[[ Record set, beginning ]]

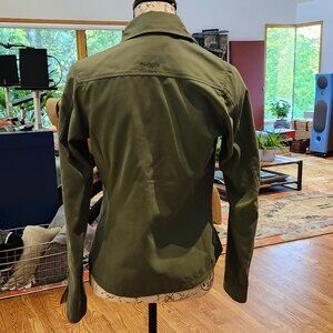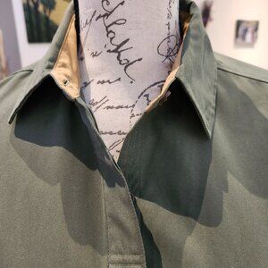 This Columbia fitted shirt/jacket features a smooth Olive green fabric, pointed collar, long sleeves, zippered cuffs, two hidden zippered pockets in front at the seam, and a concealed button-down design.
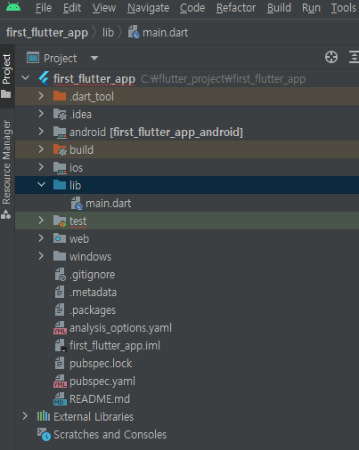 | first_flutter_app.iml | 파일이 자동으로 생성될때 만들어지는 폴더 위치 | |
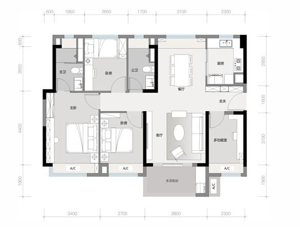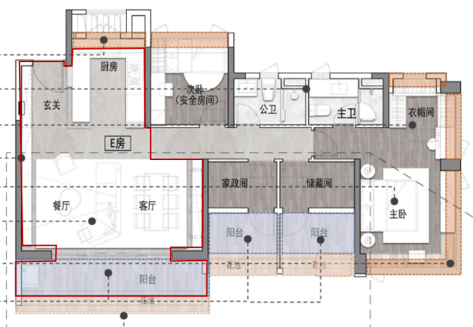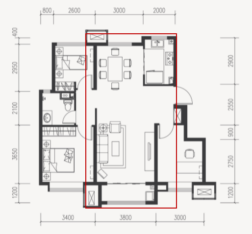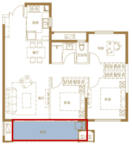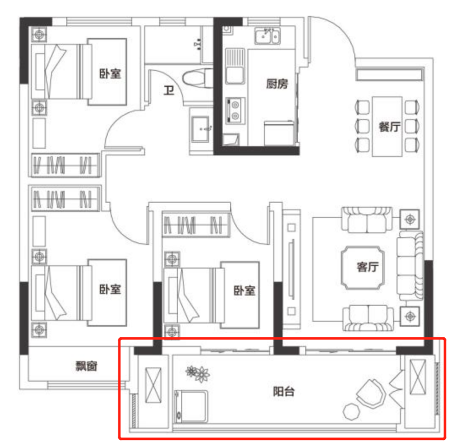 为了进一步增加客餐空间的尺度感,阳台空间常常被纳入到客餐空间中,尤其对于刚需产品来说,1.8米进深阳台常常为产品主打亮点。
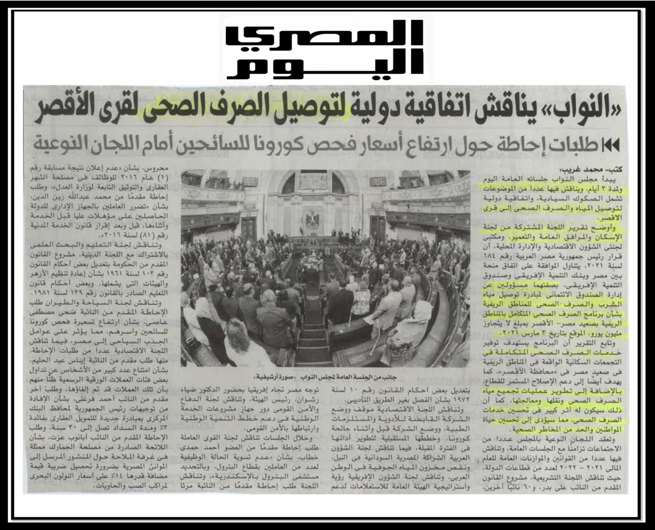 النواب يناقش اتفاقية دولية لتوصيل الصرف الصحي لقرى الاقصر
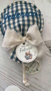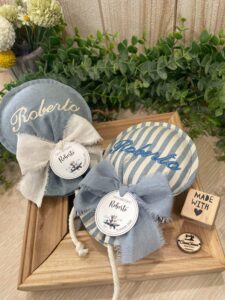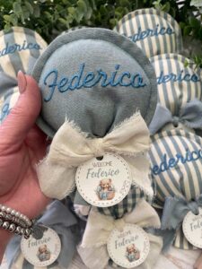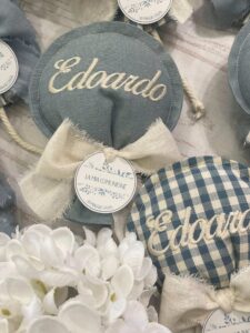 Un’elegante bomboniera artigianale, realizzata interamente a mano dalla nostra sartoria con passione e cura per i dettagli.
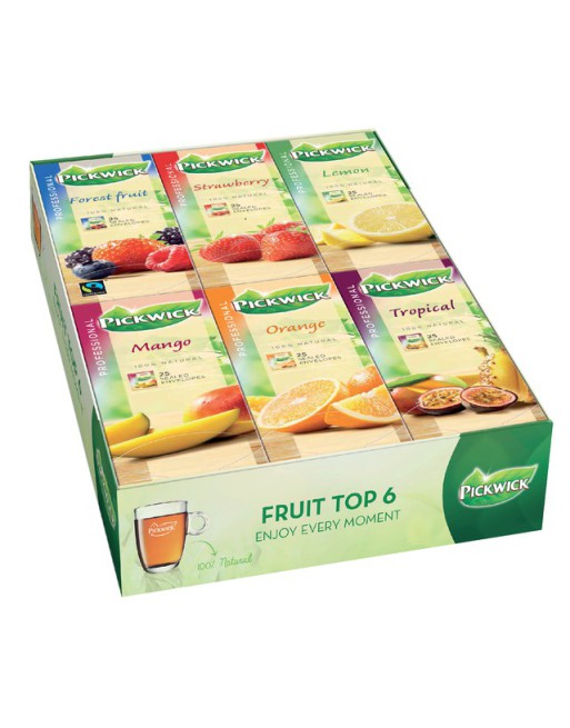 * Thee in diverse smaken. * De Pickwick Thee top 10 biedt u een gevarieerd aanbod theemelanges. * De zakjes zijn individueel verpakt. * Deze thee wordt geleverd per 6 of 10 dozen à 25 zakjes. Deze set bevat de volgende smaken: Bosvruchten, Aardbeien, Citroen, Mango, Sinaasappel en Tropische vruchten. 1 pak x 6x25 stuk
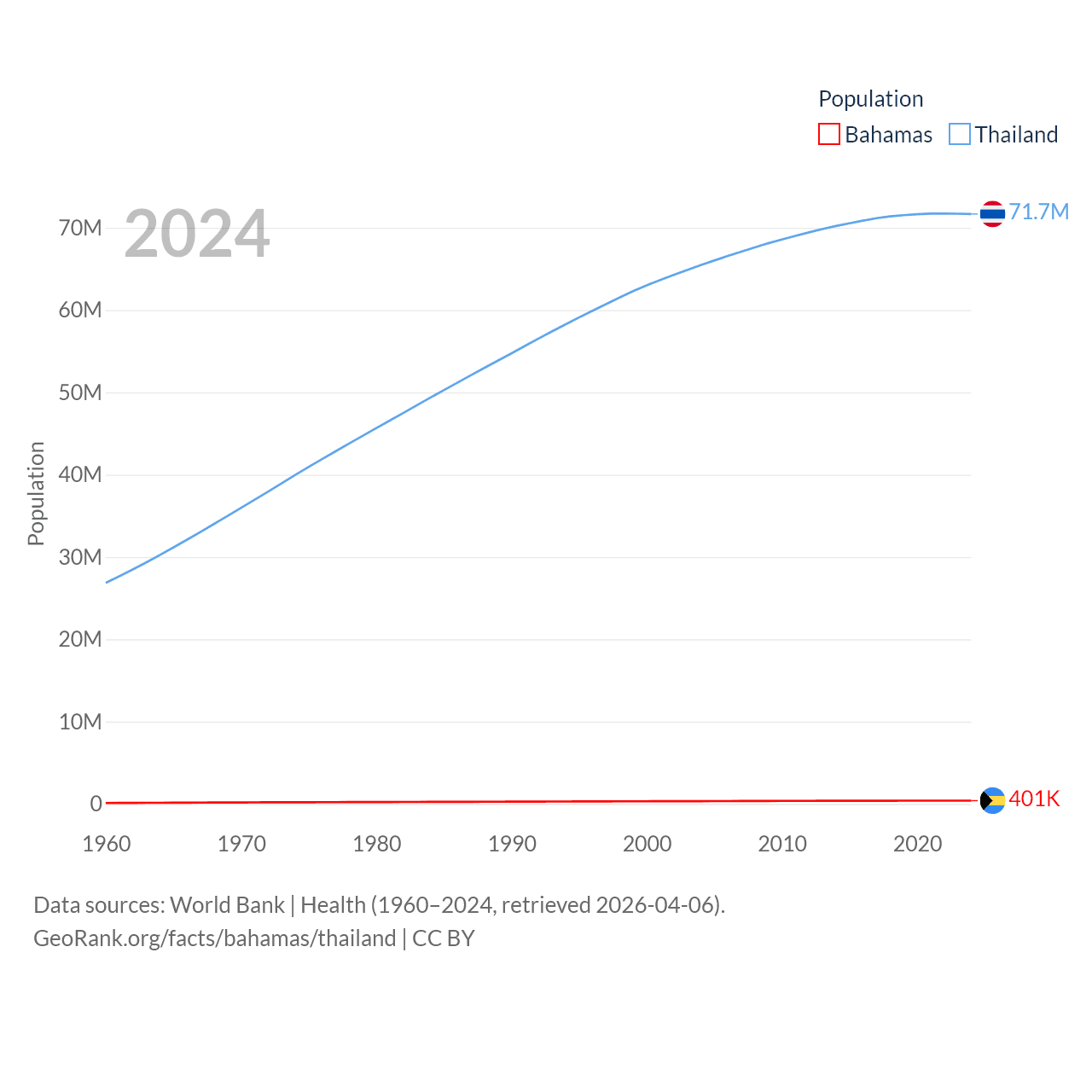 The Bahamas has a population of 401K (ranked 172/197), compared with 71.7M in Thailand (ranked 20/197). The Bahamas' land area is 3,865 sq mi versus 197,256 sq mi for Thailand (ranked 162nd vs. 50th).
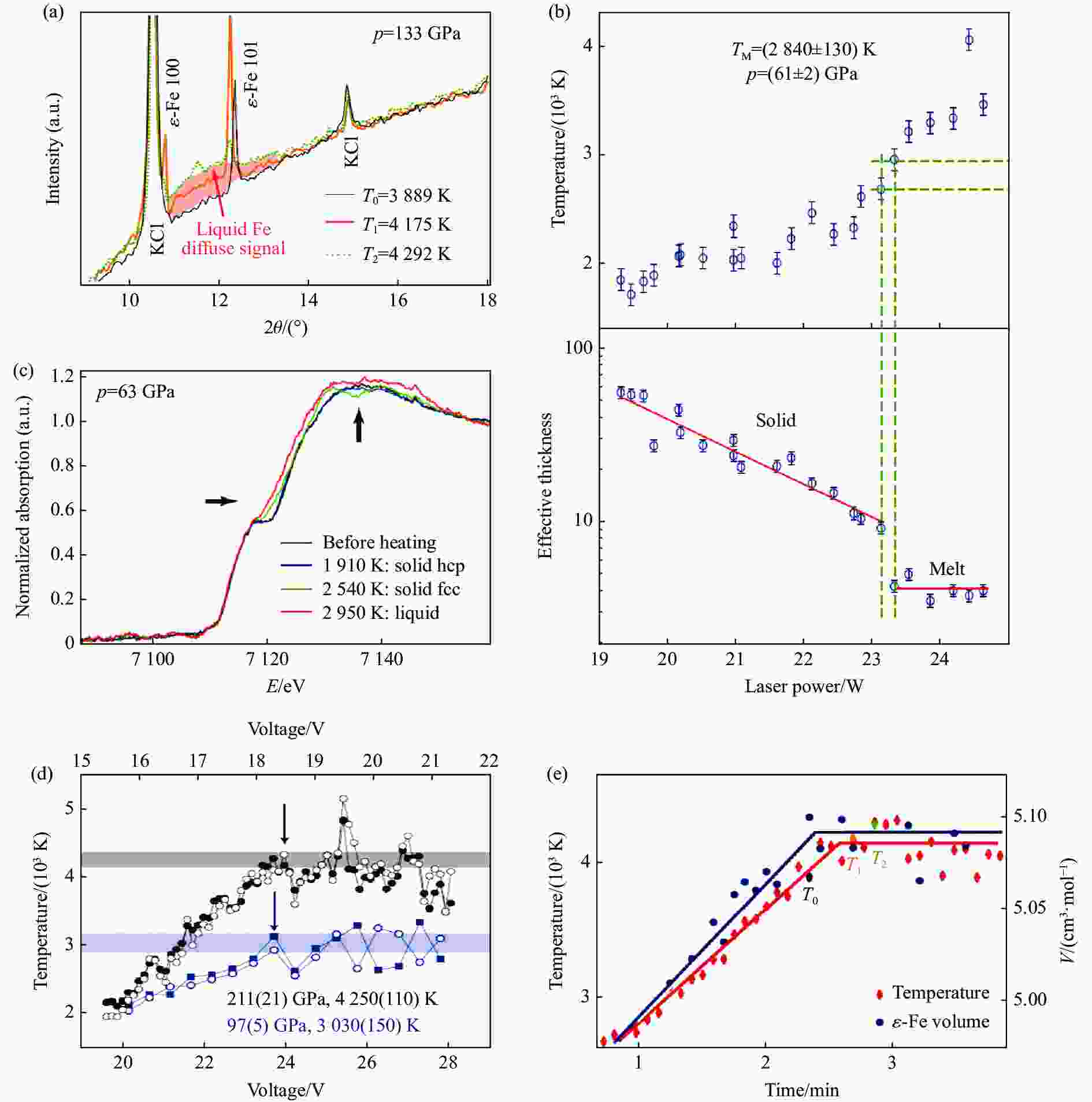 Figure 3. Some typical diagnostic methods and criteria used to study the melting behavior of iron at high pressures in heated DAC experiments: (a) XRD[10], (b) SMS[151], (c) XAS[154], (d) resistivity[155], (e) relationship between laser power and temperature[10]

[[ Record set, end ]]

Work task ▸ Make an exact copy of the data, leaving its pictures out.

Result of this exercise ▸
 This Columbia fitted shirt/jacket features a smooth Olive green fabric, pointed collar, long sleeves, zippered cuffs, two hidden zippered pockets in front at the seam, and a concealed button-down design.
 | first_flutter_app.iml | 파일이 자동으로 생성될때 만들어지는 폴더 위치 | |
 为了进一步增加客餐空间的尺度感,阳台空间常常被纳入到客餐空间中,尤其对于刚需产品来说,1.8米进深阳台常常为产品主打亮点。
 النواب يناقش اتفاقية دولية لتوصيل الصرف الصحي لقرى الاقصر
 Un’elegante bomboniera artigianale, realizzata interamente a mano dalla nostra sartoria con passione e cura per i dettagli.
 * Thee in diverse smaken. * De Pickwick Thee top 10 biedt u een gevarieerd aanbod theemelanges. * De zakjes zijn individueel verpakt. * Deze thee wordt geleverd per 6 of 10 dozen à 25 zakjes. Deze set bevat de volgende smaken: Bosvruchten, Aardbeien, Citroen, Mango, Sinaasappel en Tropische vruchten. 1 pak x 6x25 stuk
 The Bahamas has a population of 401K (ranked 172/197), compared with 71.7M in Thailand (ranked 20/197). The Bahamas' land area is 3,865 sq mi versus 197,256 sq mi for Thailand (ranked 162nd vs. 50th).
 Figure 3. Some typical diagnostic methods and criteria used to study the melting behavior of iron at high pressures in heated DAC experiments: (a) XRD[10], (b) SMS[151], (c) XAS[154], (d) resistivity[155], (e) relationship between laser power and temperature[10]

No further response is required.